Capitulo 13
O Queen Seas ainda se recuperava da noite anterior. O mar não estava mais em fúria, mas a ressaca das ondas deixava o casco pesado, rangendo sob cada impacto. O convés tinha marcas do caos: cordas encharcadas, covos amassados e poças de água salgada que insistiam em não secar, apesar do vento constante. Os homens trabalhavam em silêncio, concentrados, como se temessem que qualquer brincadeira pudesse invocar de novo a ira do mar e da capitã. Em tantos anos de trabalho, eles nunca tinham vista Heather perder o controle e se deixar levar pela raiva. Talvez ela estivesse com problemas em casa.

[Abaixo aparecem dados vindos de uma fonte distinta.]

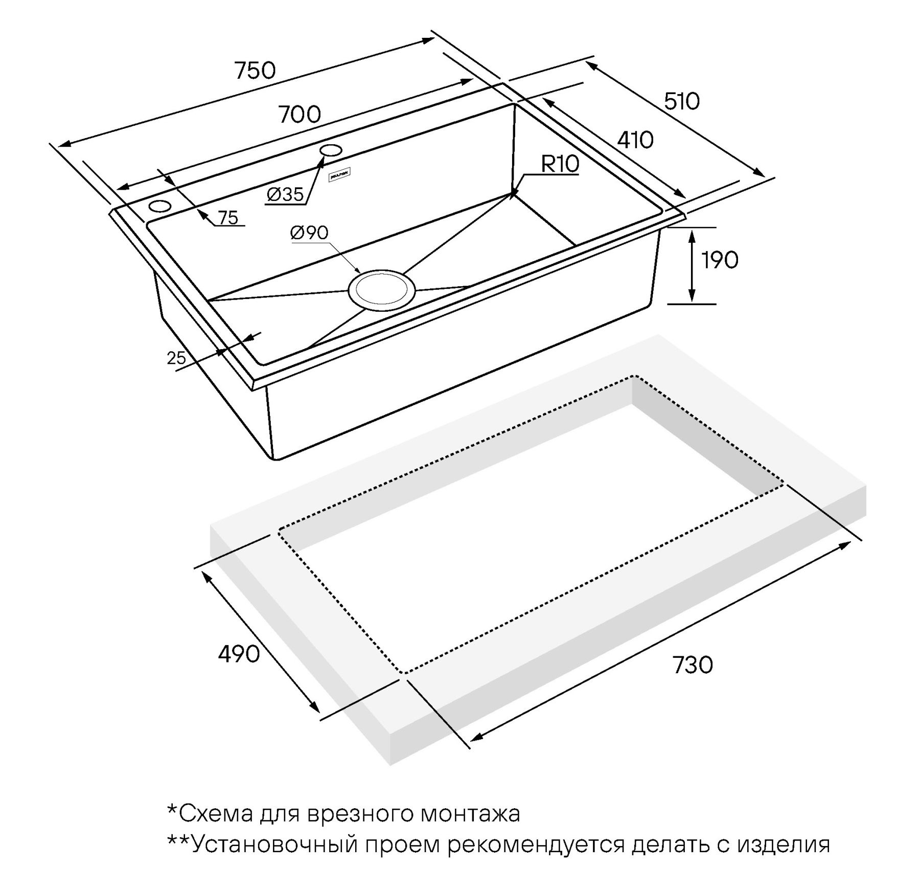 • Отверстия под смеситель:

Igor, especialmente, parecia menor. O rosto fechado, os olhos evitavam os da capitã. Ele falava pouco, fazia apenas o necessário. Heather não lhe deu tréguas, mantinha a postura firme, os comandos curtos e secos. Se o russo quisesse reconquistar sua confiança, teria que se provar no trabalho.
Heather estava mais dura do que nunca. Não havia espaço para hesitações. A cada ordem dada, a cada olhar que lançava sobre a tripulação, era como se tentasse reforçar para si mesma que era apenas a capitã, nada mais. Mas dentro dela, uma confusão latej*v*.
Ela se lembrava do beijo. O calor da respiração de Mei, o toque ousado em sua pele, a vertigem de ter se deixado levar... Heather queria apagar aquilo da memória, classificar como um momento de fraqueza, mas o seu corpo a traía sempre que os olhos cruzavam com os da engenheira.
Mei, por outro lado, trabalhava com uma obstinação quase doentia. Jogava-se nos reparos, na manutenção, dos estragos feitos pela tempestade. O corpo doía, mas a mente doía mais. A lembrança do instante na cabine a perseguia. A recusa velada de Heather a deixava dividida entre a frustração e o desejo. Será que ela tinha inventado aquele olhar? Será que forçara algo que não existia?
No entanto, ela não conseguia negar o que sentia. Desde menina, Heather era para ela uma crush inalcançável. Que ela gostava de imaginar que era somente dela. Seja como protetora e depois como namorada mais velha. Mas aquilo tudo era na imaginação de uma mente adolescente. Agora, depois de tantos sinais, Mei achava mesmo que Heather sentia atração por ela.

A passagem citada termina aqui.